Директору киевской II гимназии А. А. Попову {Попов, Алексей Алексеевич.} сообщал В. Попов {Вероятно, Попов, Владимир Алексеевич — преподаватель математики и физики в II-ей СПб. гимназии.} из Петербурга: ‘Отлучение гр. Толстого оказалось выстрелом по воробьям. Высшие классы хохочут, а низшие не понимают и не дают себе отчета. В ответ на отлучение гр. Толстой составил завещание, в котором приказывает похоронить себя без всяких обрядов. Таким образом, создается место для паломничества. В Москве парадный выход из дома Толстого сопровождается толпою, которая ему оказывает знаки уважения и почтения. Что же касается смиренных с их наставителей, то, право, лучше было бы им обратить свои взоры на эксплоатацию бога и православной веры разными проходимцами из чиновников’.
В московском обществе также замечалась тенденция против состоявшегося отлучения. 26 февраля писали к управляющему Тамбовской казенной палатой {Кутлер, Павел Николаевич — управляющий Тамбовской казенной палатой, впоследствии директор департамента государственного казначейства.}: ‘Публичное предание анафеме славы и гордости России, гр. Толстого (появившееся так не кстати именно теперь), какой позор для нас.
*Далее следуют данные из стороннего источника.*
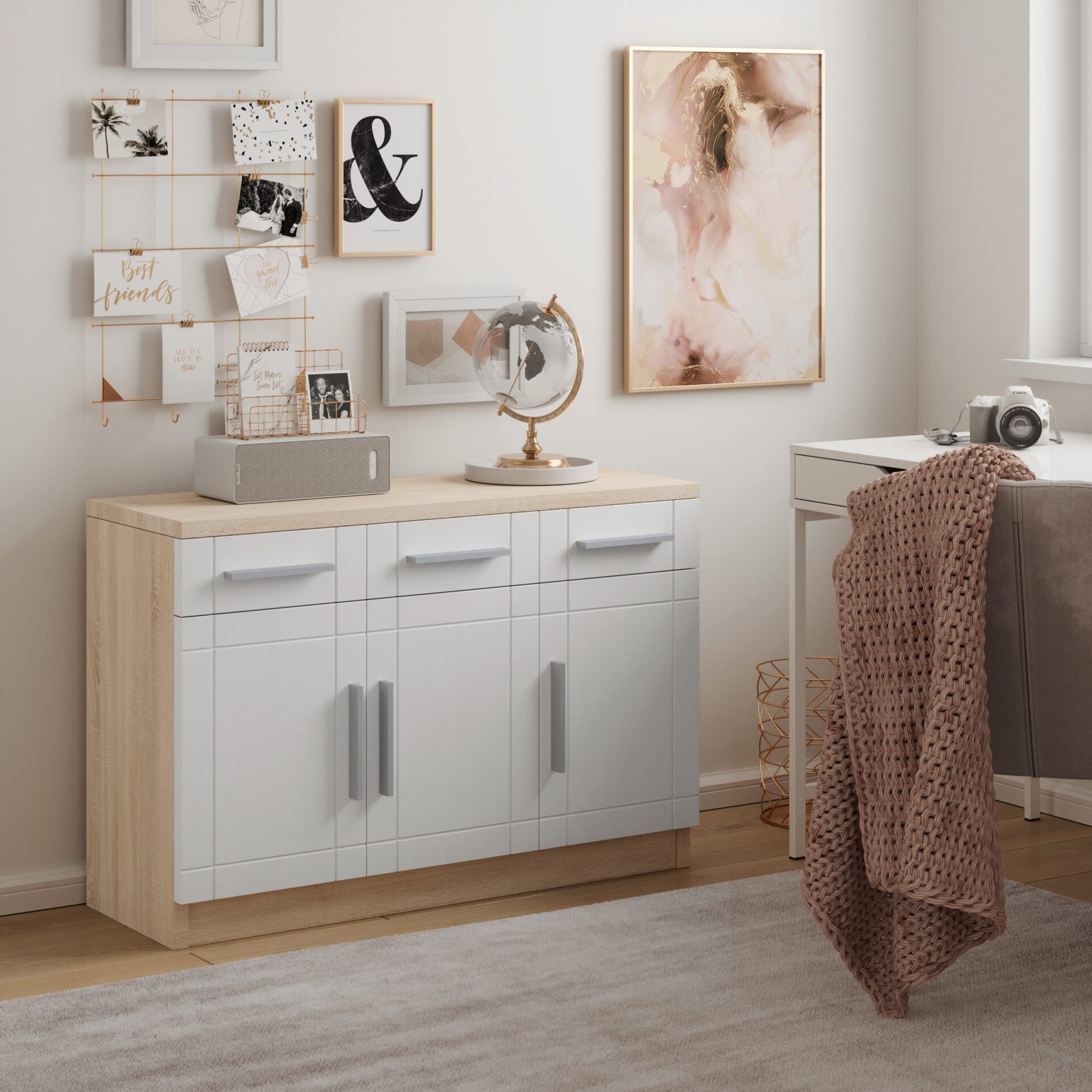 Intriguojančio dizaino PARVIN komoda puikiai tiks jūsų svetainei, miegamajam ar prieškambariui. Praktiška ir funkcionali. Trys erdvūs stalčiai leidžia laikyti smulkius daiktus ar dokumentus, o spintelės su lentyna viduje suteikia papildomos vietos daiktams susidėti.
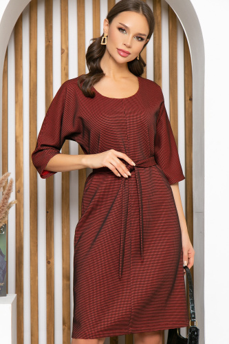 Платье в терракотовом цвете - эффектное и простое визуальное решение для яркого повседневного образа. Платье прямого кроя скрадывает лишние объёмы в области талии и бёдер. Цельнокроеный рукав с проймой "Летучая мышь" создаст комфорт при движении. В комплект входит пояс из основной ткани, которым можно подчеркнуть линию талии.
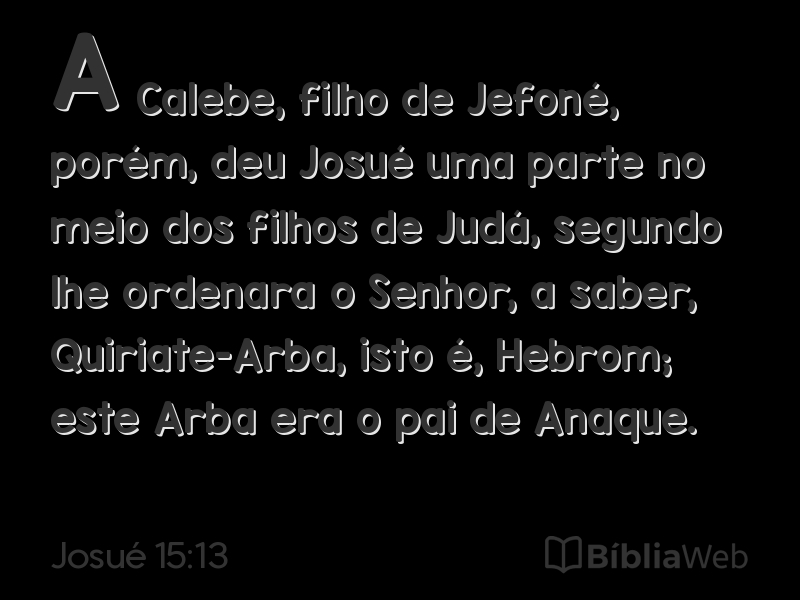 13A Calebe, filho de Jefoné, porém, deu Josué uma parte no meio dos filhos de Judá, segundo lhe ordenara o Senhor, a saber, Quiriate-Arba, isto é, Hebrom; este Arba era o pai de Anaque.
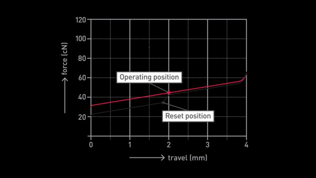 CHERRY MX2A RED switch: Linear easy actuation without pressure point with minimal resistance
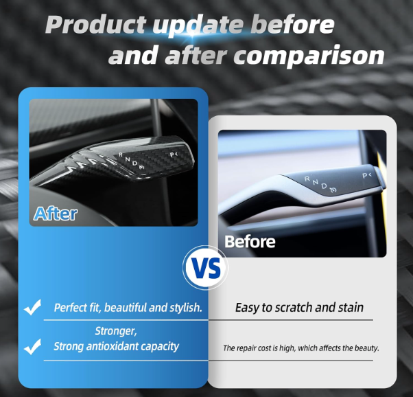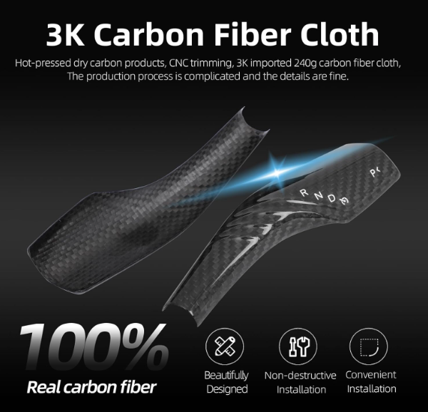 【3K碳纖維換檔蓋】特斯拉Model 3/Y 換檔蓋採用真正的碳纖維製成,與傳統的abs材料完全不同,不會產生氣泡,碳布圖案不會變形和扭曲,更有效防劃傷,使用壽命長,低調奢華。 【完美匹配】特斯拉Model 3/Y轉向柱蓋根據特斯拉Model 3&Model Y的原始資料進行1:1模具鑄造而成,高標準走線,弧度一致,精心打磨,避免刮花漆面影響原廠車輛功能、完善您的 Tesla 的優質配件。 【非破壞性安裝】安裝這款特斯拉型號 3/Y 碳纖維柱換檔撥片變速桿時,無需拆卸和損壞任何原車零件,只需用粘合佈和膠帶將其覆蓋即可你的原廠車轉向換檔撥片,整個安裝過程只需幾分鐘即可完成,非常簡單方便。 【Tesla 轉向換檔撥片】Tesla model 3/Y 轉向桿蓋適用於 "2020-2022 ModelY ,2017-2022 Model3" ,您可以選擇光面和啞光款式,專門針對 Tesla Model 3 和 Model Y 設計。
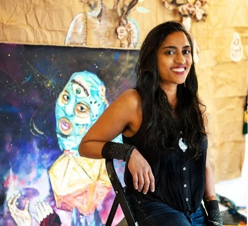 Across a twenty-year practice, Chitra Ganesh has developed an expansive body of work rooted in drawing and painting, which has evolved to encompass animations, wall drawings, collages, computer generated imagery, video, and sculpture. Through studies in literature, semiotics, social theory, science fiction, and historical and mythic texts, Ganesh attempts to reconcile representations of femininity, sexuality, and power absent from the artistic and literary canons. She often draws on Hindu and Buddhist iconography and South Asian forms such as Kalighat and Madhubani, and is currently negotiating her relationship to these images with the rise of right wing fundamentalism in India.
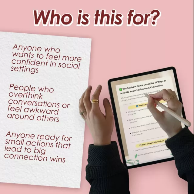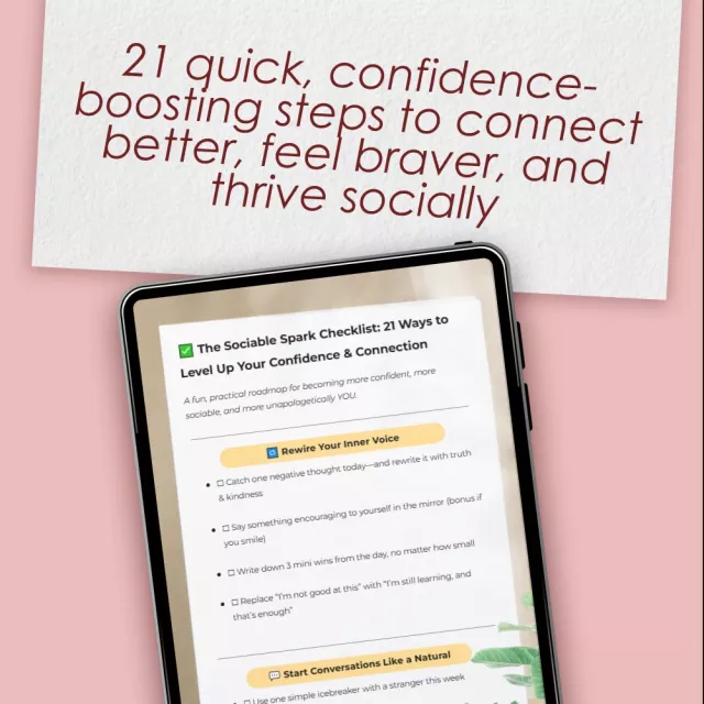 Whether you’re heading into a new social scene, trying to make deeper connections, or simply want to feel more like yourself in conversations, The Sociable Spark Checklist is your go-to companion. Download now and take the first step toward showing up with confidence and connection—one small spark at a time.
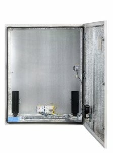 Комплектация: утеплитель из порилекса, замок 2 шт, ключ 1 шт, монтажная плата 1шт, гермовводы 5 шт (MG-25), розетка 1 шт, автоматический выключатель, 6А 1шт, клемма для подключения оборудования 2 шт, клемма заземления 1 шт, термореле 1шт, реле предстарта 1 шт, вентиляционная решётка с фильтром 1 шт, вентилятор с решёткой и фильтром 1 шт, нагреватель мощностью 150 Вт 2 шт.
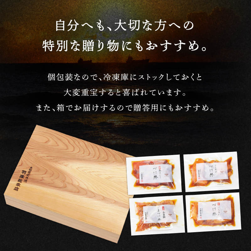 天然本まぐろ、三崎産黒潮金目鯛、サーモン、びんとろをこだわりの自家製タレに漬け込みました。
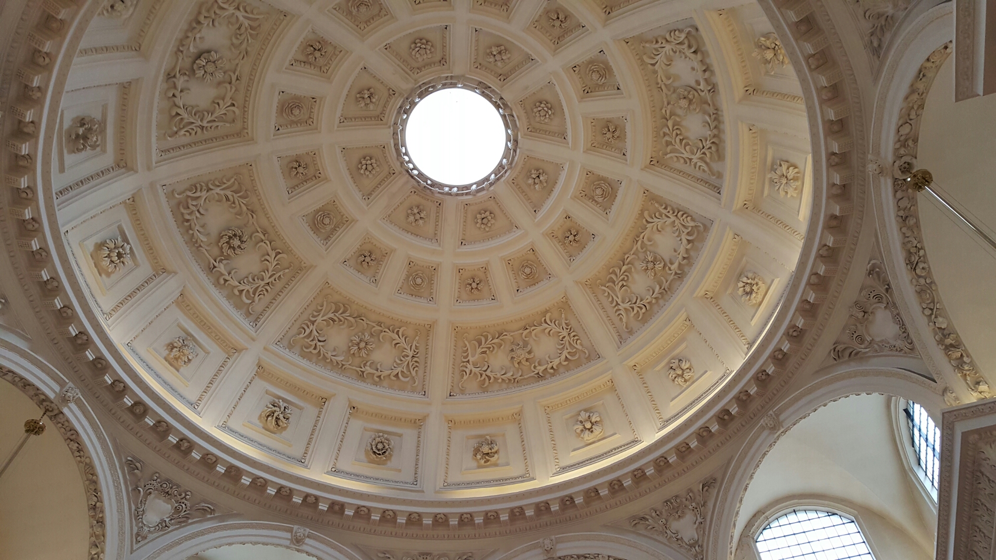 I also looked in on St. Stephen Walbrook, a curiously anonymous entrance for one of the largest and grandest of Wren’s City Churches, originally crammed in next to the old Stocks Market:-
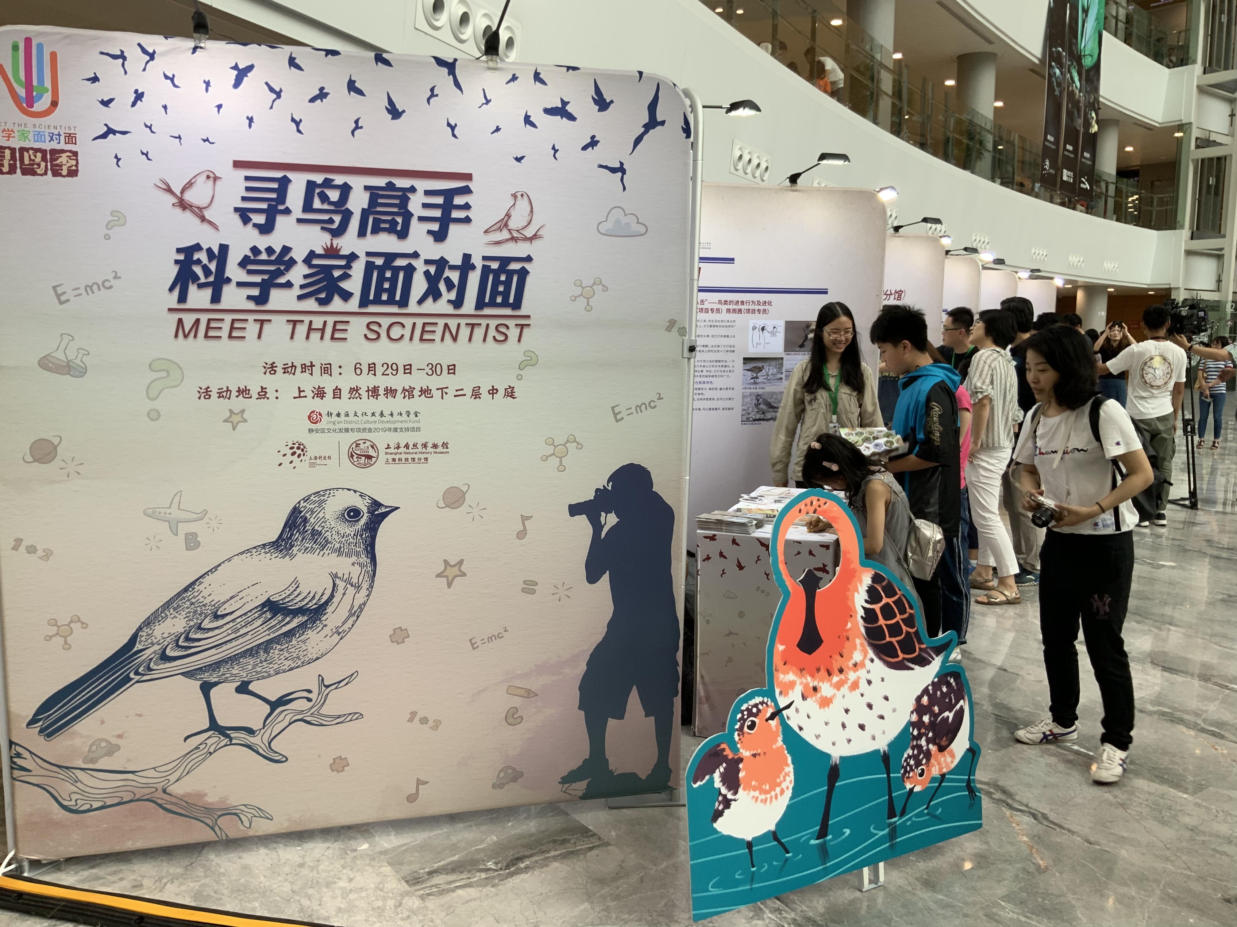 6月29-30日,来自浙江自然博物院、郑州自然博物馆与河南省野生鸟类观察学会、同济大学航空航天与力学学院、华东师范大学生命科学学院、中国科学院植物生理生态研究所、上海九段沙湿地自然保护区、湖北省野生动植物保护协会、勺嘴鹬在中国、上海动物园、上海自然博物馆(上海科技馆分馆)共10家单位的鸟类工作者们在展区内“搭台唱戏”,与公众交流鸟类研究成果、鸟类保护调查故事,解答大小朋友们对鸟类的疑问。

Ведь заграничную прессу не заставишь молчать, едва ли Толстой потеряет больше от того, что его отлучила церковь, чем последняя от того, что Толстой давно отлучил ее и от себя и от миллиона своих единомышленников’.
В этот же день П. Коломнин {Коломнин, Павел Петрович, чиновник особых поручений министерства финансов, директор московской сберегательной кассы.} писал из Москвы к ее прев-ву Е. П. Коломниной {Коломнина, Елена Петровна.} в Петербурге: ‘Об’явление св. синода о Толстом крайне бестактно. Что-нибудь из двух: или сошли его, как и всякого другого, на покаяние и увещание в монастырь, или пренебреги, ибо то, что писал Толстой в ‘Воскресении’, до такой степени пошло, что мало-мальски неглупый человек плюнет и только, а идиоты и без Толстого всегда пробавляются плоскими суждениями о религии. Нет ничего ведь легче, как высмеять символизм. Мне кажется, что это послание сделает только то, что теперь все чинушки бросятся доставать заграничные издания Толстого, ибо запрещенный плод всегда сладок, а другие станут говорить, что возвращаемся чуть ли не к инквизиции. Вообще, пойдут вкривь и вкось толковать и шуметь, а студенты, конечно, в особенности. Не следовало, не следовало. А вот, что Толстого могут убить пейзане, так это, пожалуй, случится. Послание это, понятно, дойдет до них, но в искаженном виде, и, вместо молитв за него, наверное примешают, что он против царя-батюшки. Да и без этого придут и спросят: ‘что же по-твоему, ваше сиятельство, бога-то нет’? Что останется ответить ему, если желает остаться последовательным. И, если ответит, что нет, то гроша не дам, что и придушат. Не Победоносцев ли это измыслил’.
‘В Москве,— сообщали В. А. Тернавцеву {Тернавцев, Валентин Александрович, в то время редактора журнала ‘Русская Беседа’, чиновник синодального ведомства, впоследствии управляющий синодальной типографией. Им составлены школьные пособия для изучения родного языка: ‘Наша школа’ и ‘Наука слова’.}, в Петербург,— акт св. синода не вызвал сочувствия ни среди верующих интеллигентов, ни среди православных христиан, и обнаружил такую путаницу понятий и такое непонимание христианства, что приходится только удивляться, как люди невнимательны к самым коренным вопросам веры и жизни. Либеральные интеллигенты, которые очень недовольны отлучением Толстого от церкви, указывают на то, что синод, если бы его члены были проникнуты христианской любовью, никогда не поступил бы таким образом и говорят, что наш великий романист,— лучший последователь Христа, чем те, кто его отлучал. Среди них акт синода вызвал озлобление против церкви и еще большее сочувствие Толстому. Верующие говорят, что митрополиты должны были признать к себе Толстого и для всех ведомо, узнать о его верованиях и убеждениях. Теперь же он отлучен на основании сочинений, которые в России даже и не напечатаны и мало кому известны. Отлучение повело к тому, что средняя публика раньше мало знавшая Толстого, как противника церкви,— познакомится с его сочинениями и вряд ли почерпнет для себя что-нибудь назидательное. Наконец, для самого Толстого этот акт не имеет ровно никакого значения, он на него совсем не обращает внимания. В глазах же публики вообще, Толстой сделался еще популярнее и ему устраиваются всевозможными способами овации’.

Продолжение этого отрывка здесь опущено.